Show full research plan

This research plan outlines the steps required to demonstrate the missing authorization vulnerability in the Create DB Tables plugin (CVE-2026-4119), which allows any authenticated user (Subscriber level or higher) to create or delete arbitrary database tables.

1. Vulnerability Summary

The Create DB Tables plugin (<= 1.2.1) fails to implement authorization and CSRF protection on its administrative post-handling routines. The plugin registers hooks via admin_post.php for table creation (add_table) and deletion (delete_db_table).

The functions associated with these hooks, cdbt_create_new_table() and cdbt_delete_db_table(), lack:

  1. Capability Checks: No current_user_can() check to ensure only administrators can modify the database schema.
  2. Nonce Verification: No wp_verify_nonce() or check_admin_referer() to prevent unauthorized or cross-site requests.

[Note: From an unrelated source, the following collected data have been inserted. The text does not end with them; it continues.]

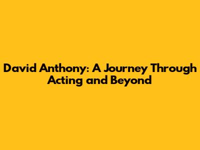 David Anthony: A Journey Through Acting And Beyond
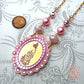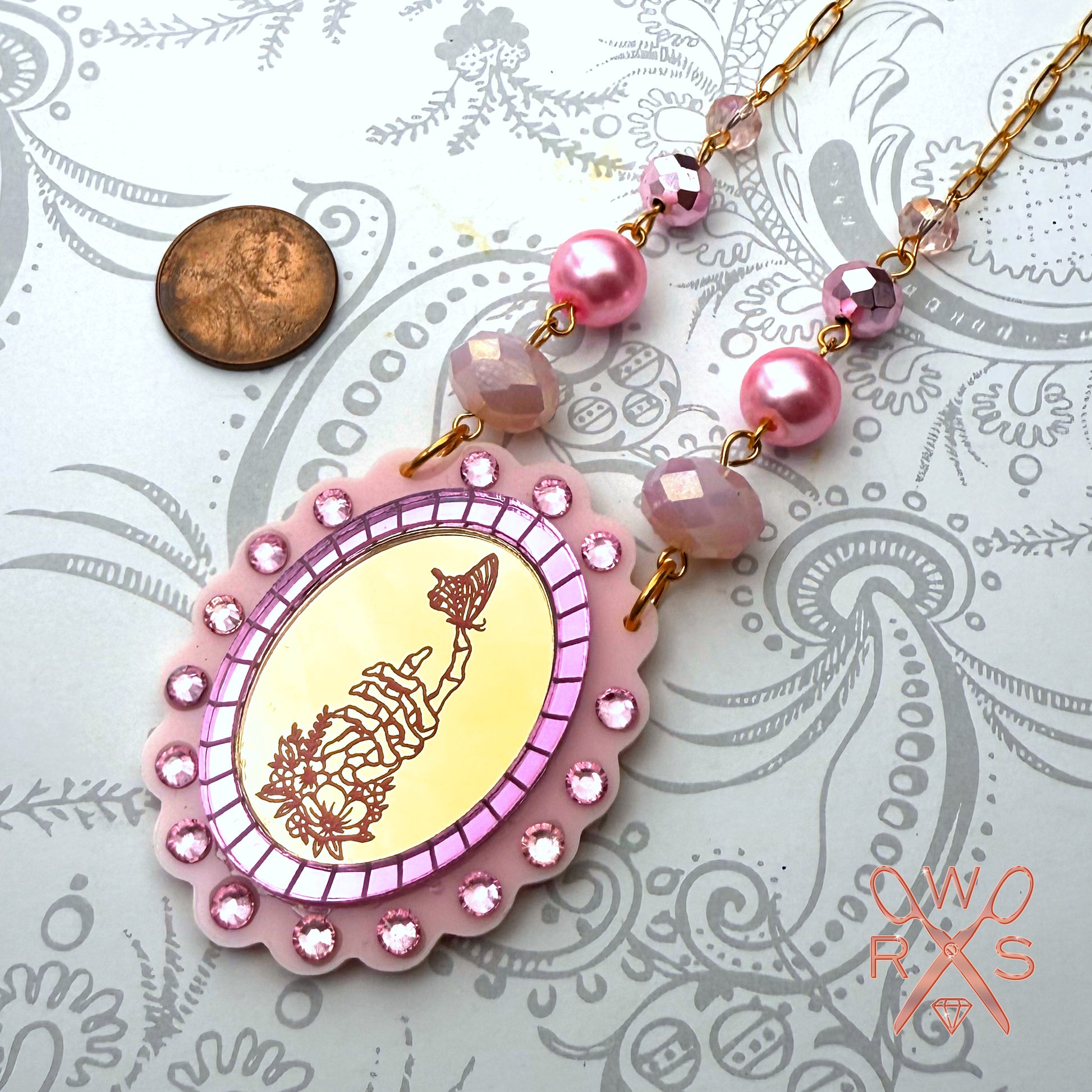 Unleash your inner goth and girly side with our Life After Death Cameo Necklace in Pink from the GothicBloom Collection. This beautiful necklace features a pink cameo, gold mirror with etched skeleton hand and butterfly, and pink rhinestones for a classic twist. On a gold chain with beaded accents this necklace can take you from day to night, add a fun and surprising sparkle to any outfit with this undead-inspired necklace.
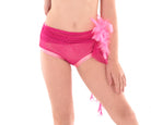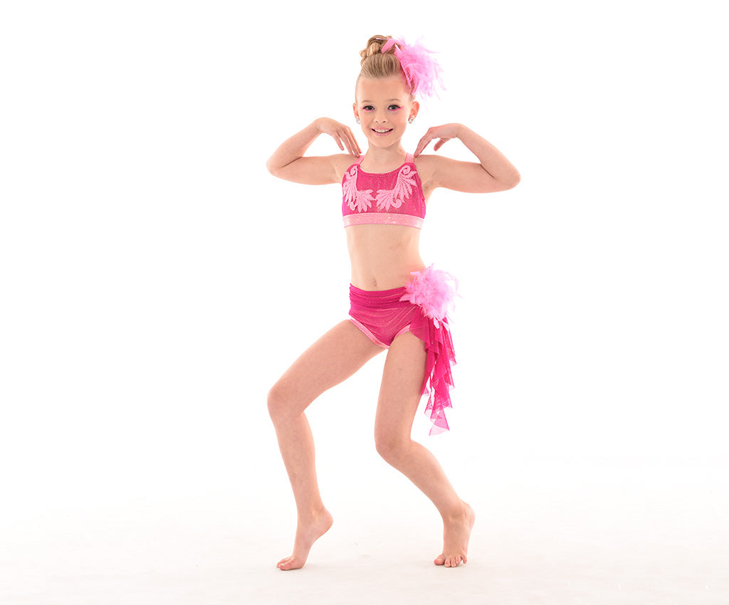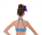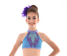 Shimmery and bright this halter top in luminous mystique is overlayed with a contrasting shimmery mesh for a sparkling finish. Raglan cut halter with back band sports a luminous mystique wrapped elastic bra band and soft collar with clasp. Lined bodice with sparkly mesh center front insert this top is edged in fancy elastic and includes angled back straps for extra comfort & seccurity. Contrasting appliques on front add a pop of colour and fun. Matched with Rainforest Feathery Sash Hot shorts.

As a result, a Subscriber-level user can trigger a DROP TABLE query against any table in the WordPress database, including wp_users and wp_options, leading to a total site compromise or denial of service.

2. Attack Vector Analysis

  • Entry Point: https://<target>/wp-admin/admin-post.php
  • Action (Deletion): delete_db_table (inferred from hook admin_post_delete_db_table)
  • Action (Creation): add_table (inferred from hook admin_post_add_table)
  • Vulnerable Parameter: db_table (used in cdbt_delete_db_table)
  • Authentication: Required (Subscriber role or higher).
  • Preconditions: The plugin must be active.

3. Code Flow

  1. Request: An authenticated user sends a POST request to admin-post.php with the parameter action=delete_db_table.
  2. Hook Execution: WordPress core processes the request and fires the admin_post_delete_db_table hook.
  3. Plugin Callback: The plugin's registered callback cdbt_delete_db_table() is executed.
  4. Missing Check: The function begins execution without verifying if the user has manage_options capabilities or providing a valid nonce.
  5. Sink: The function retrieves $_POST['db_table'] and incorporates it into a SQL query:
    // Inferred logic within cdbt_delete_db_table()
$table_name = $_POST['db_table'];
$wpdb->query("DROP TABLE IF EXISTS $table_name");
  6. Outcome: The database table is dropped.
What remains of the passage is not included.